Aim of the task -
The line with "Logotipo de Docklands Light Railway (DLR)" marks the first line to copy, and the line with "Hoher Göll Summit Southside" marks the last. Transcribe that stretch of the data below exactly, without pictures.

Data extracts -
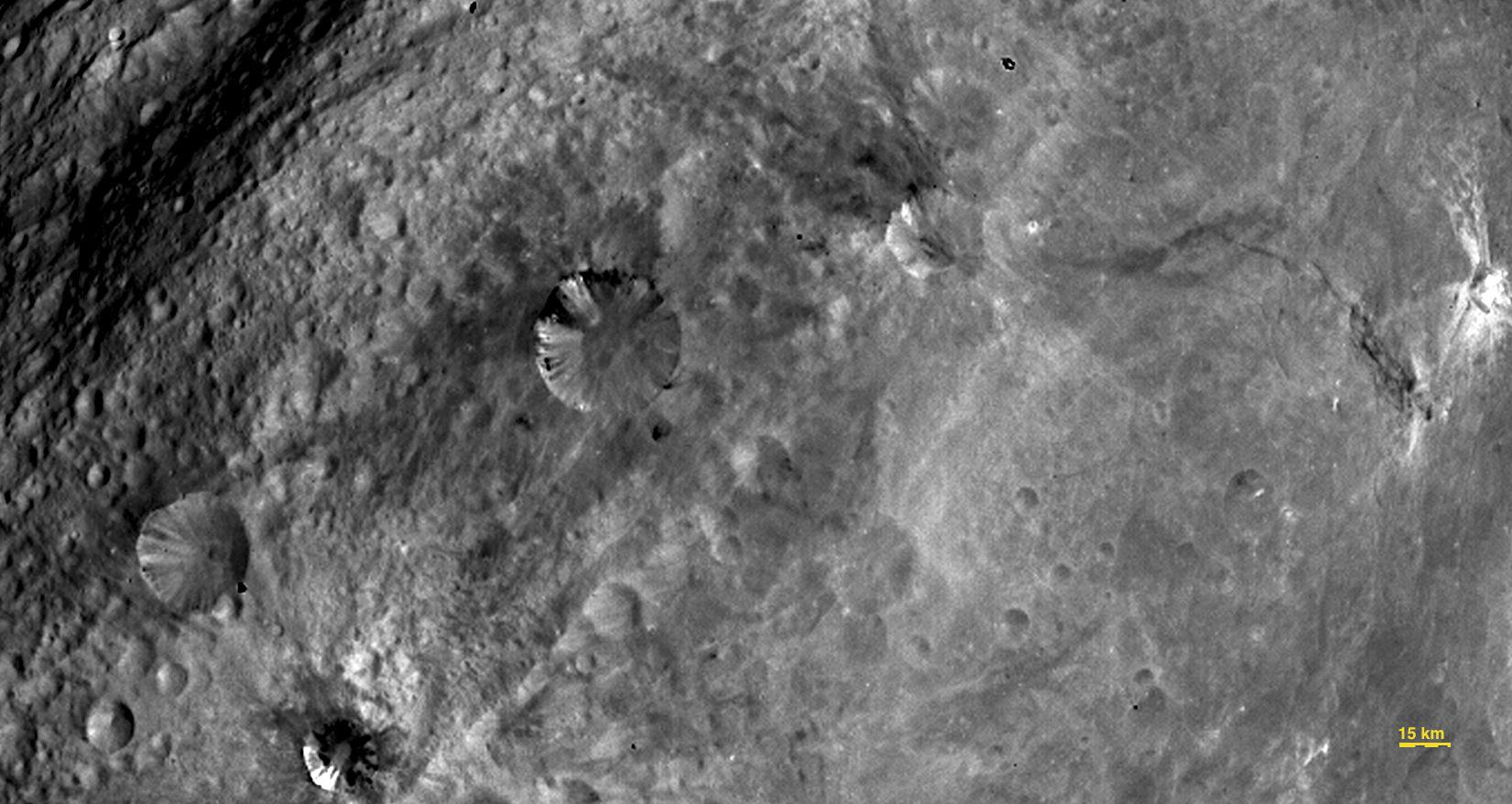 This image, obtained by the framing camera on NASA's Dawn spacecraft, shows various craters that are visible in the southern equatorial region of the giant asteroid Vesta.
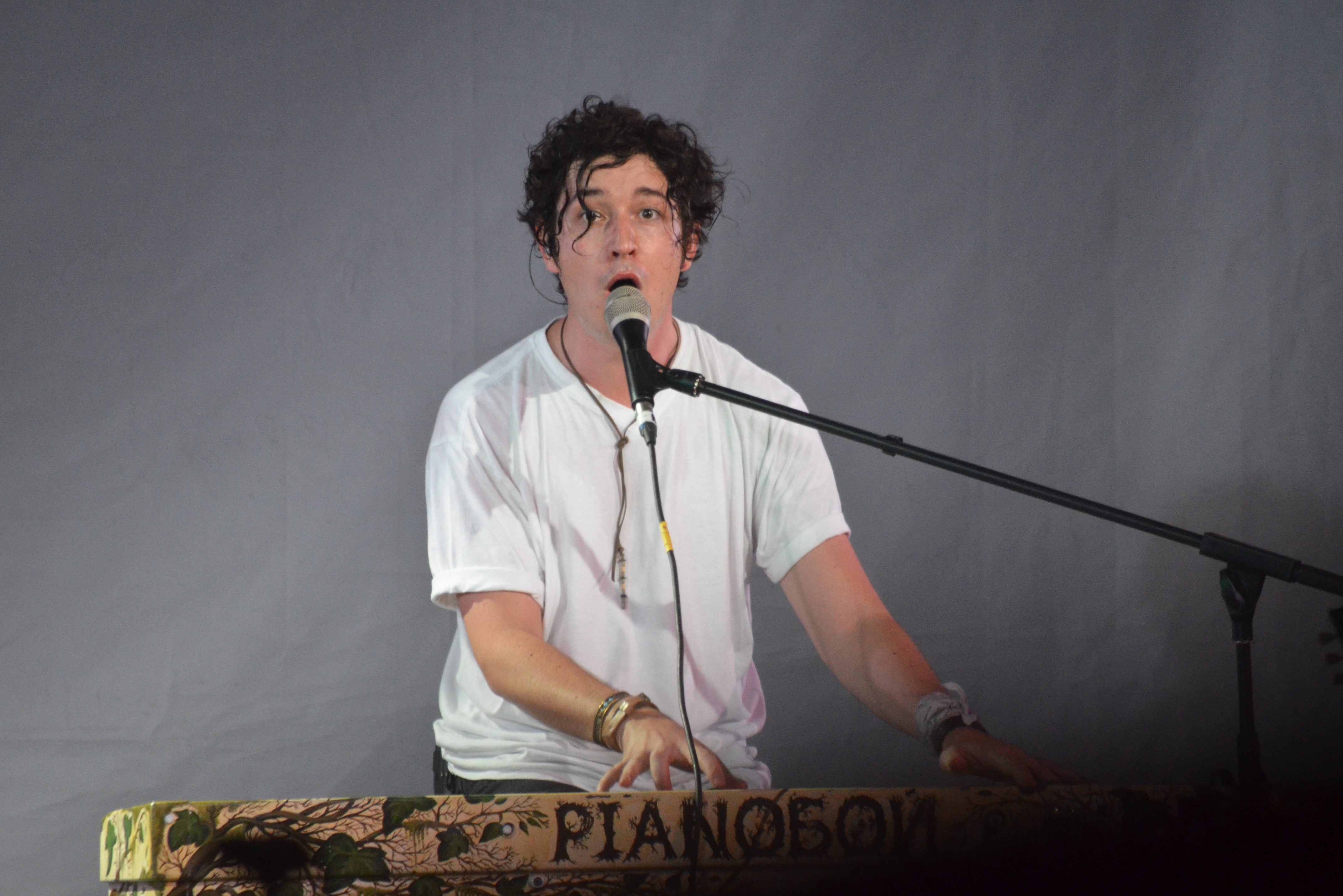 Pianoboy in the Green Theatre
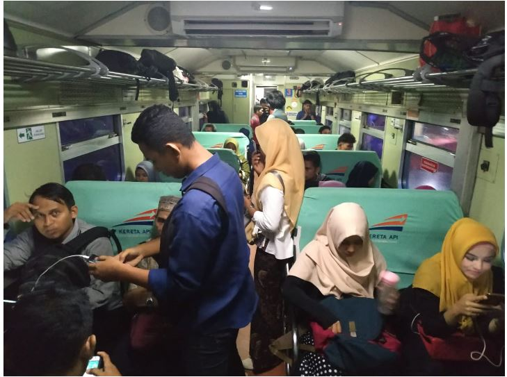 The inside of the Sibinuang train that operates from Padang Station to Naras Station, Pariaman, West Sumatra, Indonesia.
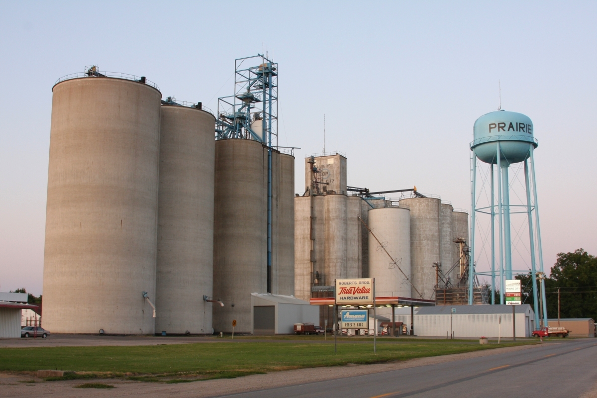 Grain elevators in Prairie City.
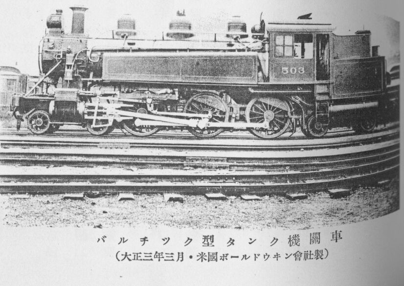 Photo of Chosen Government Railway steam locomotive Barui-503
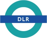 Logotipo de Docklands Light Railway (DLR)
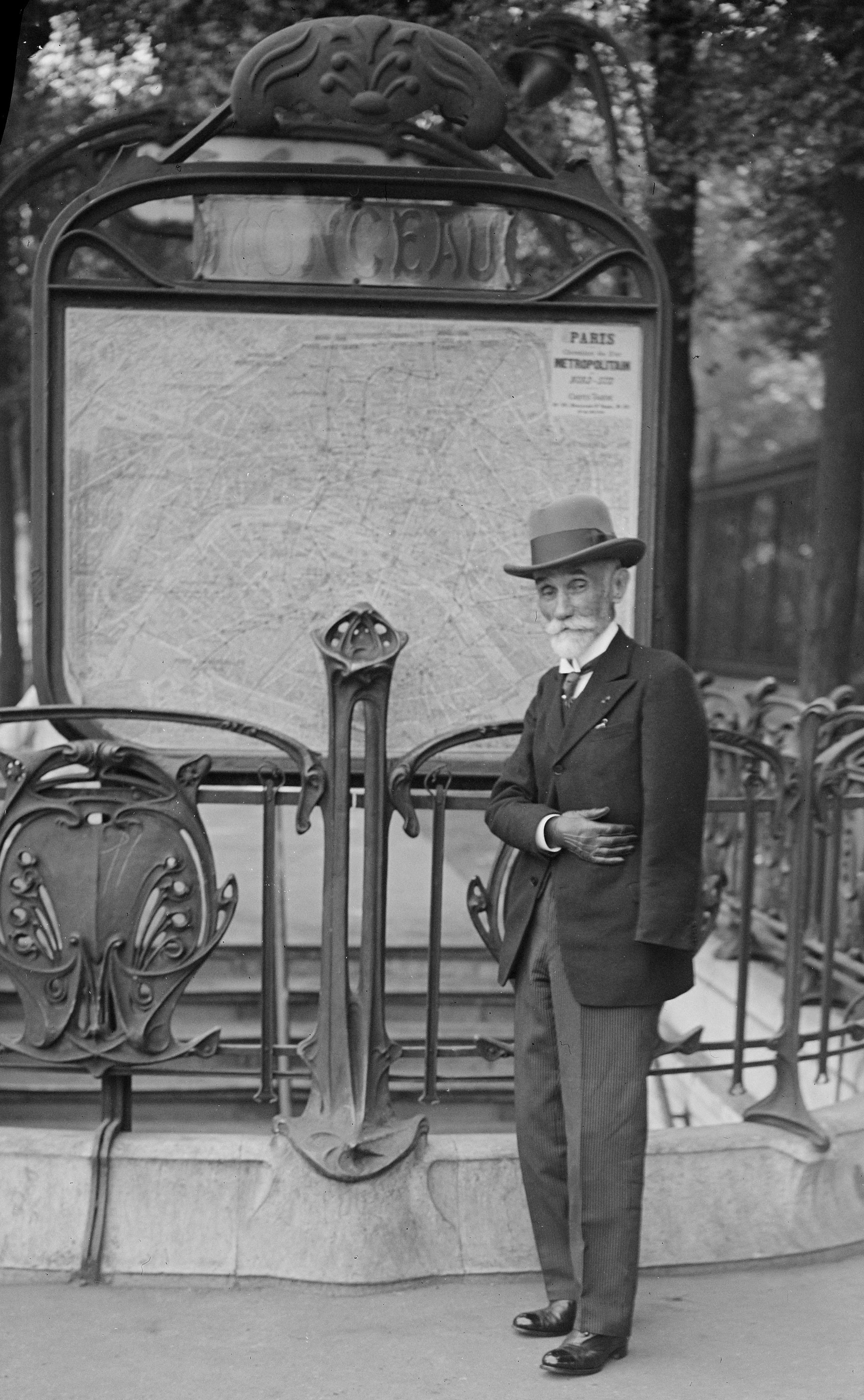 Summary Fulgence Bienvenüe (1852-1936), père du métro parisien, devant l'entrée de la station Monceau. Licensing Source : RATP. This work is in the public domain in its country of origin and other countries and areas where the copyright term is the author's life plus 70 years or fewer. You must also include a United States public domain tag to indicate why this work is in the public domain in the United States. Note that a few countries have copyright terms longer than 70 years: Mexico has 100 years, Jamaica has 95 years, Colombia has 80 years, and Guatemala and Samoa have 75 years. This image may not be in the public domain in these countries, which moreover do not implement the rule of the shorter term. Côte d'Ivoire has a general copyright term of 99 years and Honduras has 75 years, but they do implement the rule of the shorter term. Copyright may extend on works created by French who died for France in World War II (more information), Russians who served in the Eastern Front of World War II (known as the Great Patriotic War in Russia) and posthumously rehabilitated victims of Soviet repressions (more information). This file has been identified as being free of known restrictions under copyright law, including all related and neighboring rights. Catégorie:Métro de Paris
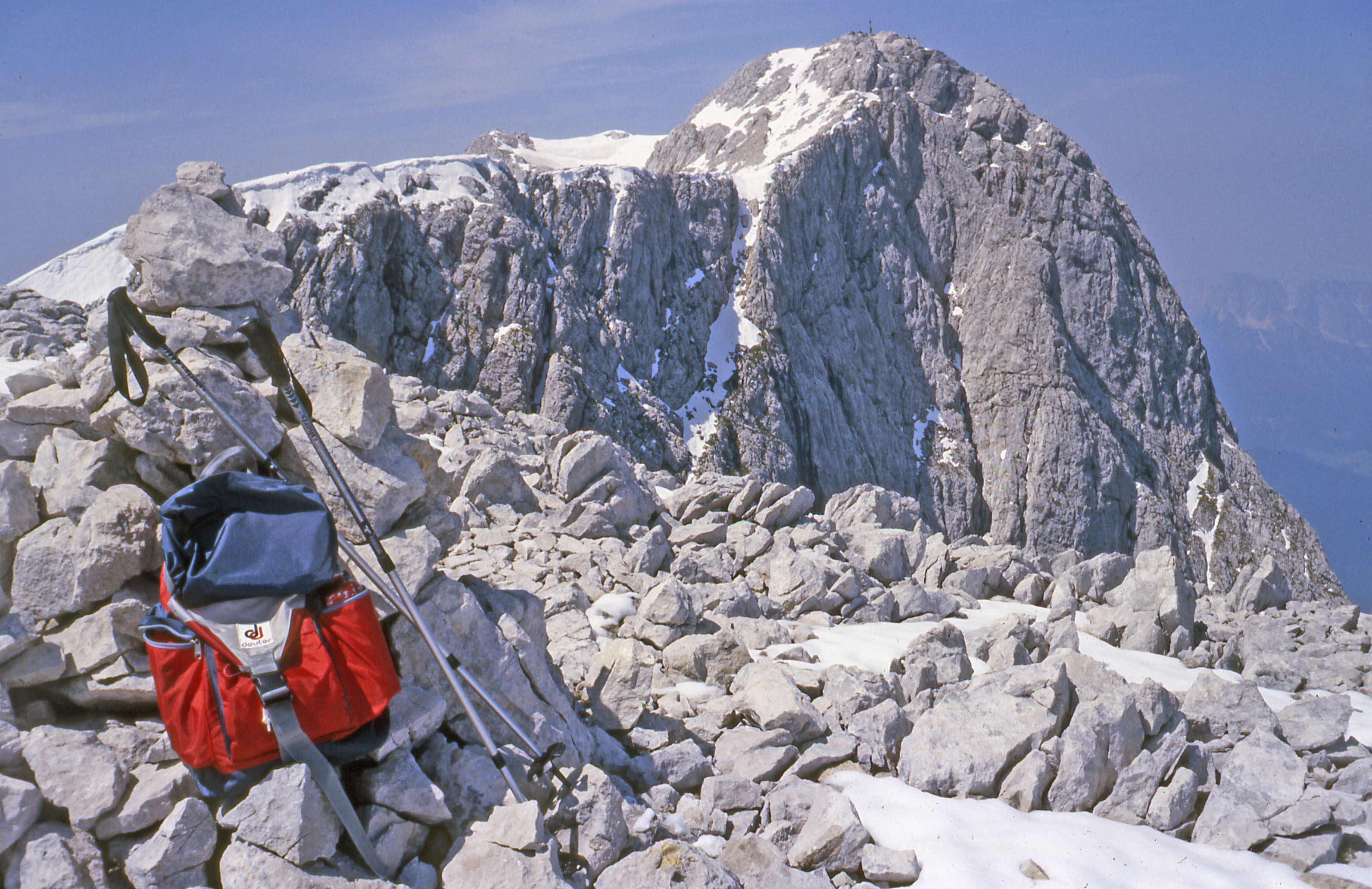 Hoher Göll Summit Southside
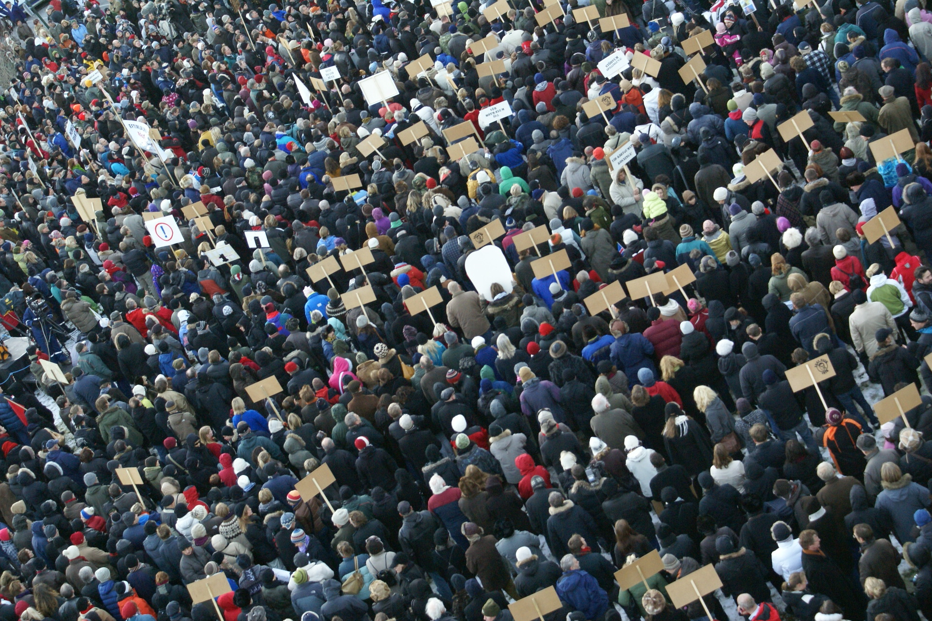 Week 6. Protesters at Austurvöllur some 9000.The Kitchenware-Revolution in Iceland was organize by Hördur Torfason and "Raddir Fólksins". It started in the wake of the collapse of the banking system followed be the decimation of Icelandic economy in the beginning of October 2008. It resulted in the resignation of Geir H. Haarde and his cabinet on January 26. 2009.The protest meetings were held every Saturday at the Austurvöllur square in front of Alþingishús - the Icelandic parliament house. The first meeting (week 1) was dated Saturday 11. October 2008. The 16th meeting dated January 24. 2009
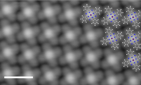 STM topography of a manganese(II) phthalocyanine monolayer on Pb(111), partially overlaid with ball-and-stick structure models (V=50 mV, I=200 pA; scale bar is 2 nm).

Problem solution -
 Logotipo de Docklands Light Railway (DLR)
 Summary Fulgence Bienvenüe (1852-1936), père du métro parisien, devant l'entrée de la station Monceau. Licensing Source : RATP. This work is in the public domain in its country of origin and other countries and areas where the copyright term is the author's life plus 70 years or fewer. You must also include a United States public domain tag to indicate why this work is in the public domain in the United States. Note that a few countries have copyright terms longer than 70 years: Mexico has 100 years, Jamaica has 95 years, Colombia has 80 years, and Guatemala and Samoa have 75 years. This image may not be in the public domain in these countries, which moreover do not implement the rule of the shorter term. Côte d'Ivoire has a general copyright term of 99 years and Honduras has 75 years, but they do implement the rule of the shorter term. Copyright may extend on works created by French who died for France in World War II (more information), Russians who served in the Eastern Front of World War II (known as the Great Patriotic War in Russia) and posthumously rehabilitated victims of Soviet repressions (more information). This file has been identified as being free of known restrictions under copyright law, including all related and neighboring rights. Catégorie:Métro de Paris
 Hoher Göll Summit Southside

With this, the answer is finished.